@jckarter Thanks so much for posting this topic. This is conveniently relevant to me, as I’ve played around with Haiku off and on for a while and one of the machines I’ve been using it on is a 2011 Macbook Air 11". Over the past few days I’ve rekindled my Haiku itch and have become more determined to sort out at least some of the issues I’ve had on the Air. Your posts have helped shed some light on the quirks I’ve been noticing.
I wanted to add my experience to this, as it seems getting Haiku running well is extra difficult on Macs. I’m currently typing on an Asus K53e laptop running Haiku using the Dooble browser. Haiku on this machine works flawlessly out of the box (other than the webcam, as far as I can tell). The interesting thing is that this is also a Sandy Bridge laptop, so it’s got the same family of graphics that the Air has, yet I’ve experienced no driver issues. In Screen preferences:
- the screen is correctly identified as an LG 15.5" display
- the screen visualization shows “101 dpi”
- screen real estate is properly filled at the native panel resolution of 1366 x 768
- brightness works
- graphics are identified as Intel HD/Iris (SandyBridge Mobile GT2
This is contrary to the Air, which does seem to work when booted in legacy mode, but as you stated, when set to the native panel resolution of 1366 x 768, the desktop extends well off the screen, and I have to set it to 1024 x 768 to get it to fit properly (for anyone who doesn’t know, the easy way to do this if your Deskbar is off the screen is to click on the Haiku drive and navigate to /boot/system/preferences and you can open up Screen from there). More interestingly, I tonight I noticed inside the Screen preferences the following:
- the screen is detected as an Apple Computer Inc Color LCD 5.7" (this is obviously incorrect, and might explain the issue with screen real estate when set to the proper resolution)

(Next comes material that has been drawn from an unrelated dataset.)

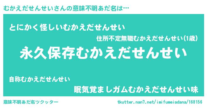 | 胡散臭い通販商品みたいなあだ名 | 『絶対に幸福をもたらす健康食品…その名も「むかえだせんせい」』 |

- no dpi is listed on the screen visualization
- brightness still works
- graphics are identified correctly
However, as you also stated, this driver only works “properly” when booted in legacy mode. When I boot it in EFI mode, I get the skewed screen that you described. I have tested this by wiping the SSD and changing the partitioning and reinstalling several times. Installing Haiku has always been fairly easy and I’ve never had an issue with loading it from scratch (I’ve never used rEFInd, but I’m also not installing it with an existing version of Mac OS), but another interesting thing is that I can only load the OS off USB in legacy mode. If I try to boot in EFI I usually get 3 beeps after the Haiku loading screen appears (which indicates a RAM problem, but I promise you, I have tested the RAM countless times on this machine (precisely because of this!) and it has consistently passed) or it starts to load and just hangs after a while. Yet, loading off the internal SSD in EFI does work! But with the graphics driver issues, which requires me to use the standard VESA driver.
All in all, it’s pretty puzzling to me, although I’m not all that surprised given that it’s Apple hardware. I think Haiku is still a really good choice for this era of Apple computer though and I’d love to see it work better, so I’m going to continue to see what I can figure out. Again, thanks so much for creating this thread!
Edit: Welp, just for reference, I couldn’t post this comment using Dooble, I had to open up WebPositive and copy and paste it in order for the reply to actually post. The button wasn’t doing anything in Dooble. Dang! I am really impressed with how good Dooble is and hadn’t ran into too many issues with it so far. Oh well, I can live with that.